§ **DATA**
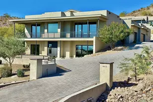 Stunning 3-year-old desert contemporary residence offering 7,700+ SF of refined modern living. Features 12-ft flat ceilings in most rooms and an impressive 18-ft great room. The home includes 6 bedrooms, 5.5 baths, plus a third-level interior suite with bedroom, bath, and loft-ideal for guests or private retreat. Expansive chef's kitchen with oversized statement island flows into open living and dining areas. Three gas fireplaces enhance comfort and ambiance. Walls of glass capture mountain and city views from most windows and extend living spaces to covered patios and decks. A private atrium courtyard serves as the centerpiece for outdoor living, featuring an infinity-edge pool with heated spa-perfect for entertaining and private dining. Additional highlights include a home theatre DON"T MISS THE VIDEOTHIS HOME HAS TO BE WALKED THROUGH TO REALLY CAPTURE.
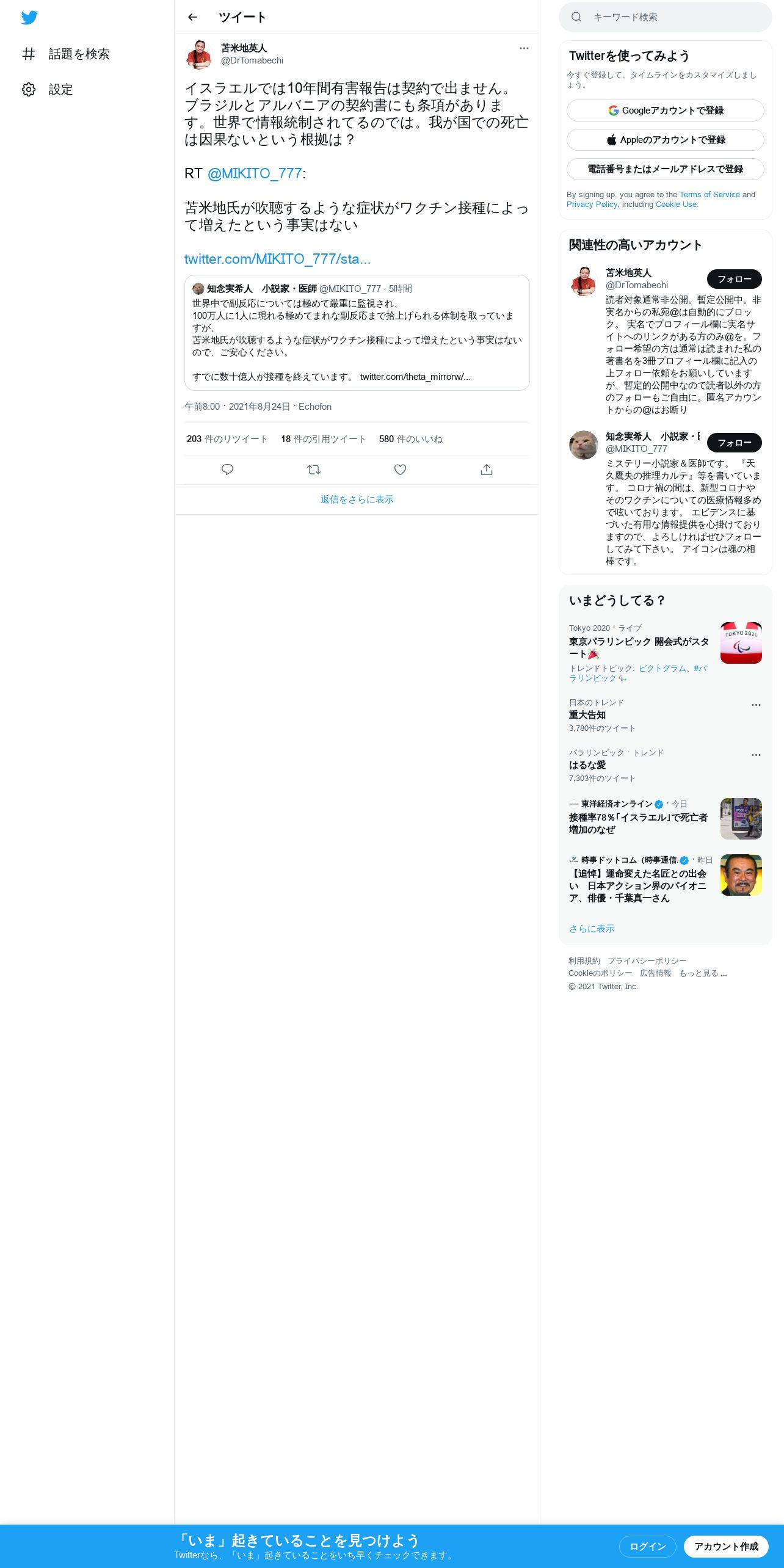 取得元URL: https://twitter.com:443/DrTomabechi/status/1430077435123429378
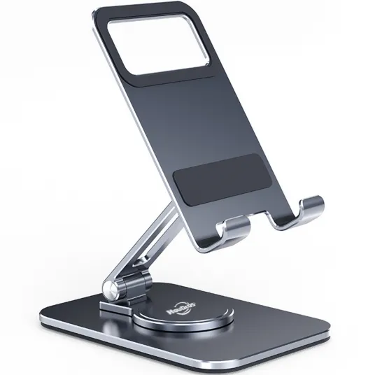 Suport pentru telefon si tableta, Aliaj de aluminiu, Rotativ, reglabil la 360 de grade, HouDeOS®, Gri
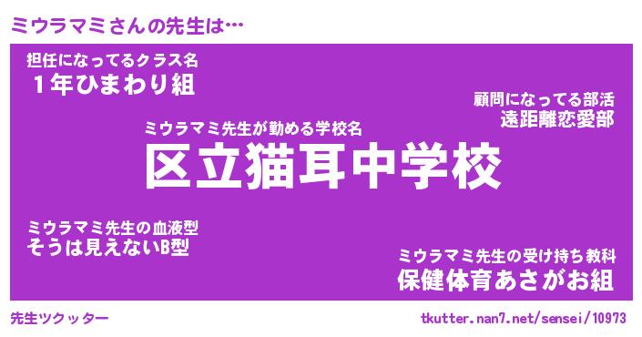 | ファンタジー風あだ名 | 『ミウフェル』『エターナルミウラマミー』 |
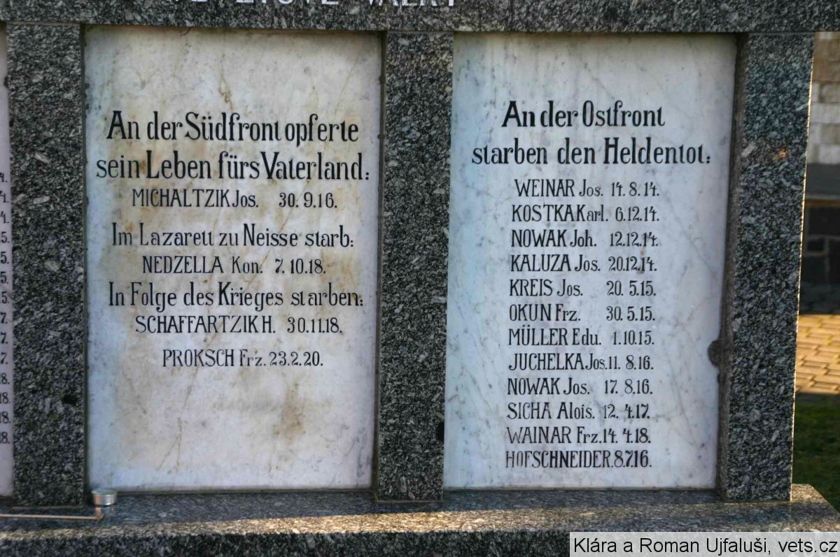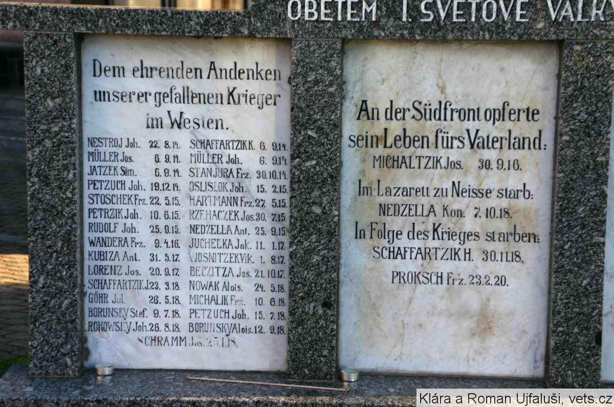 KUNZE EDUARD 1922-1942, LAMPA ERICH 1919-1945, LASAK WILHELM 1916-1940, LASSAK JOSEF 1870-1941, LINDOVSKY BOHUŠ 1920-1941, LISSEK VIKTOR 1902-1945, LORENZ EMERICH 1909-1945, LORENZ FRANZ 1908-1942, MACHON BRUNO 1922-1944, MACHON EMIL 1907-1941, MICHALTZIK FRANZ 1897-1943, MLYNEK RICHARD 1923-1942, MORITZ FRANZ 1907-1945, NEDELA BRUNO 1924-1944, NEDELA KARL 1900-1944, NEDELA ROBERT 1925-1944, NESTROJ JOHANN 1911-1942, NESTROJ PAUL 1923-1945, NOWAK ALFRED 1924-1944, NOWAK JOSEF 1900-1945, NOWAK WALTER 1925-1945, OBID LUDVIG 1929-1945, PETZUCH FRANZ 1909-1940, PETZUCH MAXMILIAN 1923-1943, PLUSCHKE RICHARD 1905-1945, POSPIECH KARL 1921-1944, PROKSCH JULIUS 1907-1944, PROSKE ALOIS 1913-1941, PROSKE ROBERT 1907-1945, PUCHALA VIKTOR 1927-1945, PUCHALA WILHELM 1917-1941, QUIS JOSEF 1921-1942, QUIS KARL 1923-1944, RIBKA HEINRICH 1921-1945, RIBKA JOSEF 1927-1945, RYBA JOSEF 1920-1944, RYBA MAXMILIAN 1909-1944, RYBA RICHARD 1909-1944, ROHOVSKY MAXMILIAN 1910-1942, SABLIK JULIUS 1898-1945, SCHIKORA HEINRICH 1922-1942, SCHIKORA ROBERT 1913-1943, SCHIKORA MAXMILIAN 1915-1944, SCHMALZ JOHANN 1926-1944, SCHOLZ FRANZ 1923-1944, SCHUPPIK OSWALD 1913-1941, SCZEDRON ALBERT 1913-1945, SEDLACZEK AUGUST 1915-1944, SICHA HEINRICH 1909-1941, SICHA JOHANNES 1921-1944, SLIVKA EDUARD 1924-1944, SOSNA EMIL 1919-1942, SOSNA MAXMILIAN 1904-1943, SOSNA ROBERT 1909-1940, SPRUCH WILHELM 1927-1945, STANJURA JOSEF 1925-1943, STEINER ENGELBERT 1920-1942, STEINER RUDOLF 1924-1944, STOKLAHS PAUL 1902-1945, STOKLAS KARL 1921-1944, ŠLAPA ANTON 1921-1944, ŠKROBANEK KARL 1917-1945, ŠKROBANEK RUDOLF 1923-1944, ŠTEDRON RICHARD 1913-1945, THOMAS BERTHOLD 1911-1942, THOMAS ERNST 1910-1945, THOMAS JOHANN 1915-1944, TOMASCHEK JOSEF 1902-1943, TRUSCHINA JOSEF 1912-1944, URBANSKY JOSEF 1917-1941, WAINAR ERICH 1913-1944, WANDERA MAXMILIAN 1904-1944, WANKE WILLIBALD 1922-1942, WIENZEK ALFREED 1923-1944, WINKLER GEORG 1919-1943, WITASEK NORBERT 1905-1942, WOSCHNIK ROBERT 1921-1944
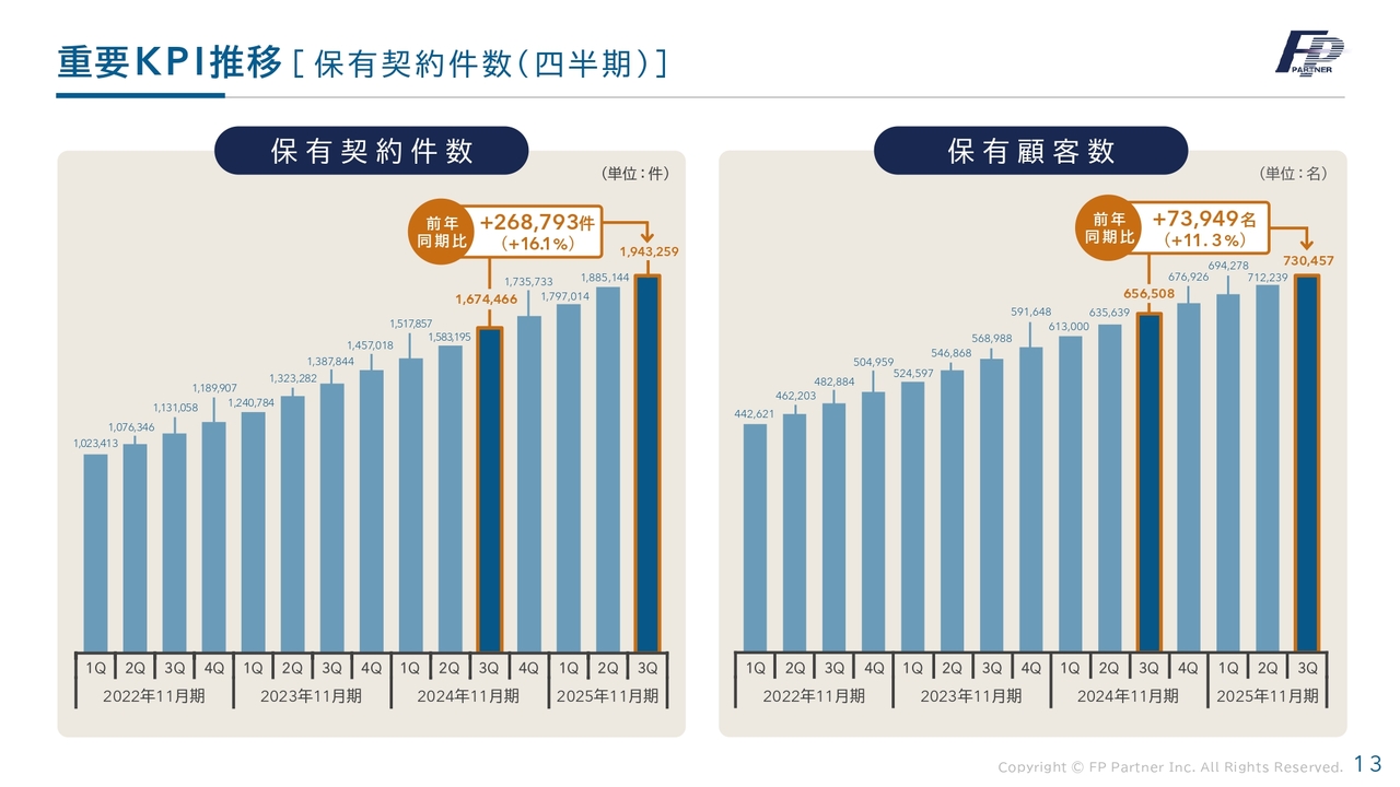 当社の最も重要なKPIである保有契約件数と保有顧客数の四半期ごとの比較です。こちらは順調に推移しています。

* * *

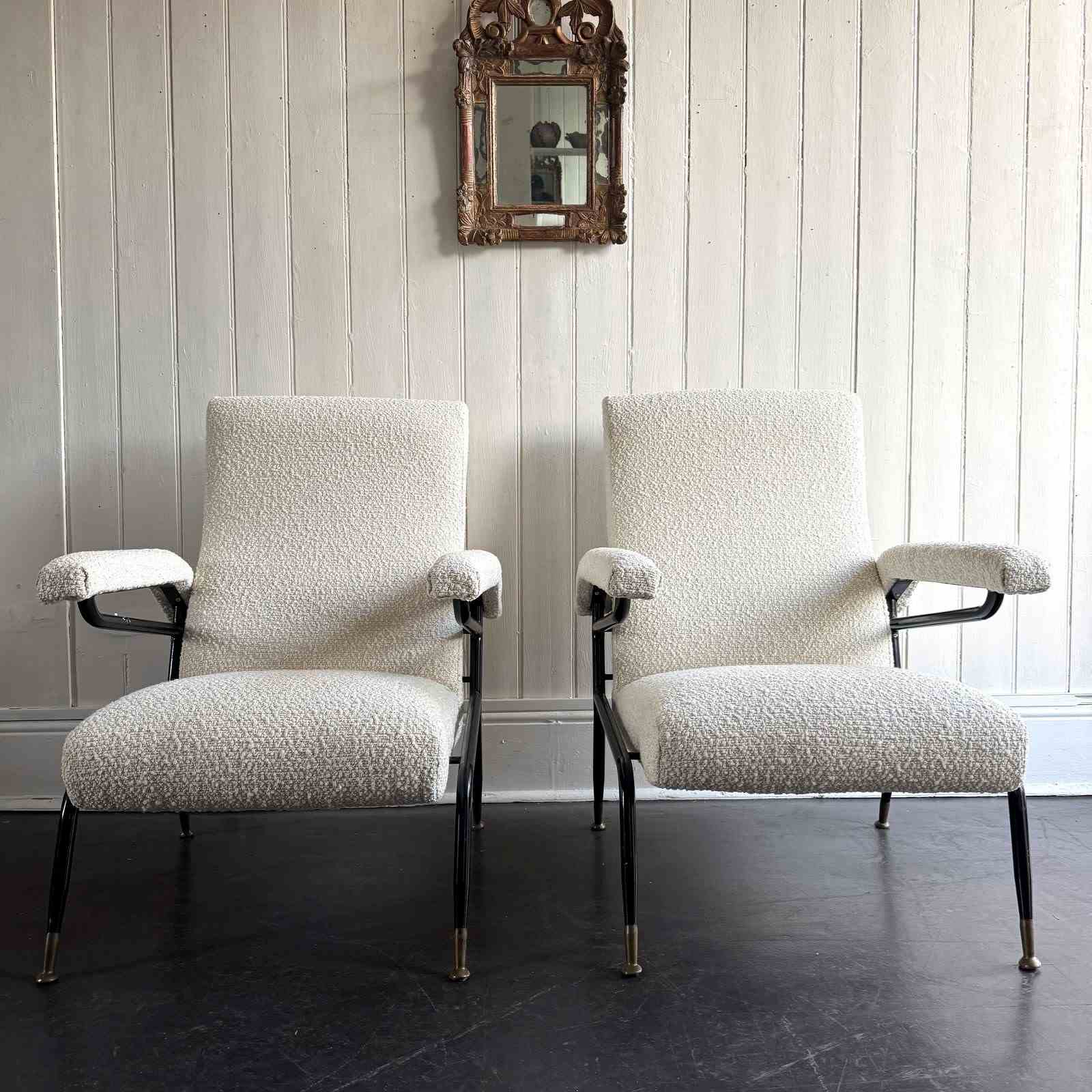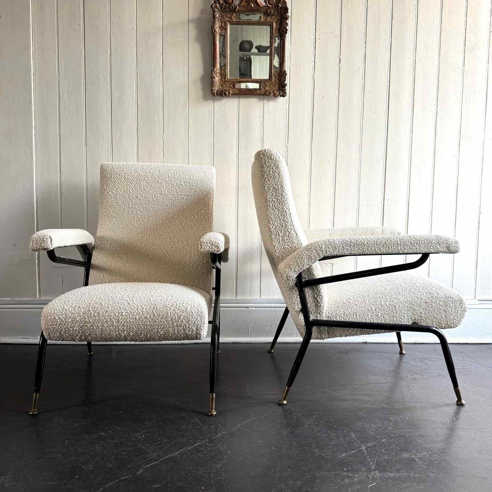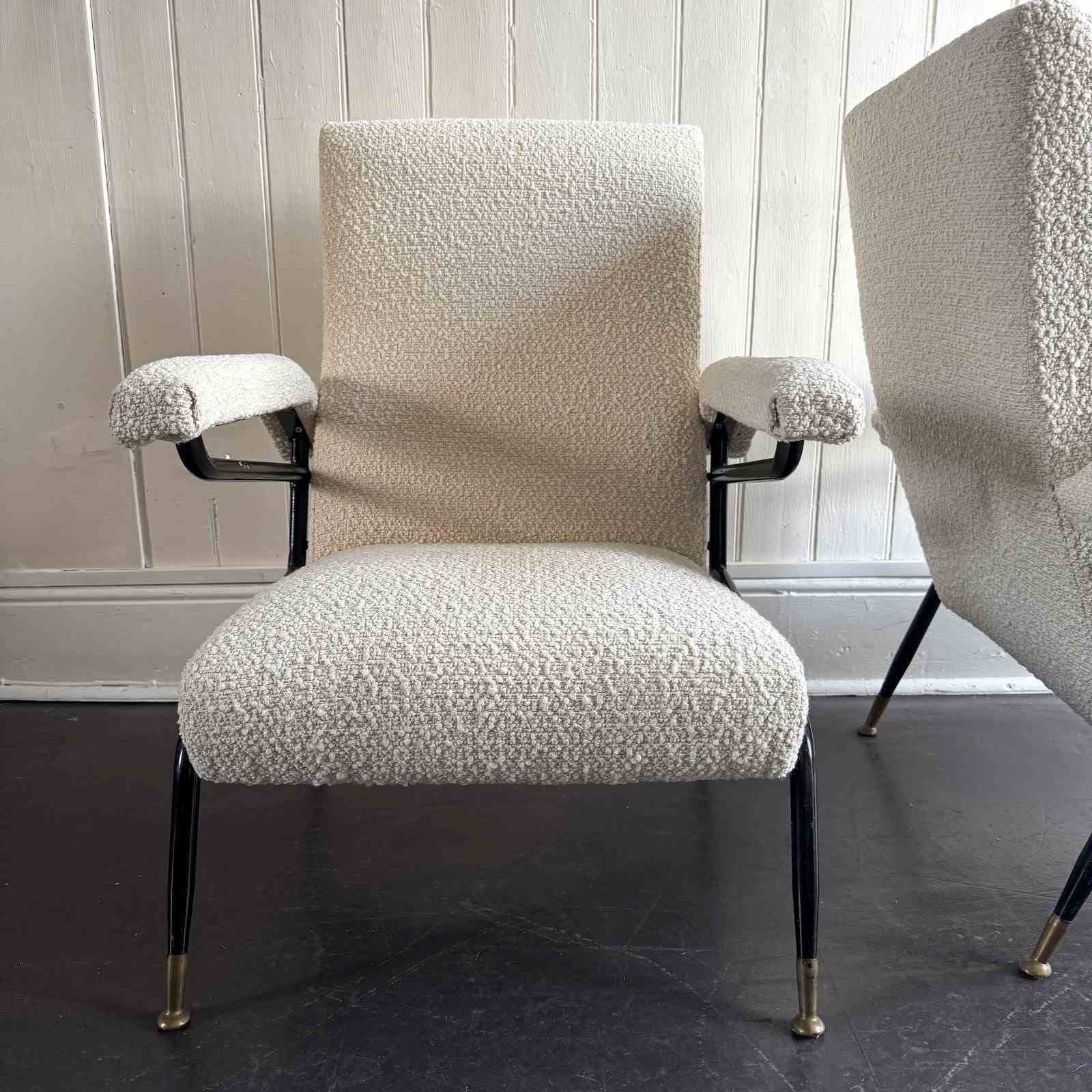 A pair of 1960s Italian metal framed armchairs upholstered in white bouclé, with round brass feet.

§ **YOUR GOAL**
With pictures omitted, repeat the entries above word for word from the line holding "Suport pentru telefon" down to the line holding "ファンタジー風あだ名 | 『ミウフェル』『エターナルミウラマミー』 |", keeping both of those lines.

§ **RESULT BELOW**
 Suport pentru telefon si tableta, Aliaj de aluminiu, Rotativ, reglabil la 360 de grade, HouDeOS®, Gri
 | ファンタジー風あだ名 | 『ミウフェル』『エターナルミウラマミー』 |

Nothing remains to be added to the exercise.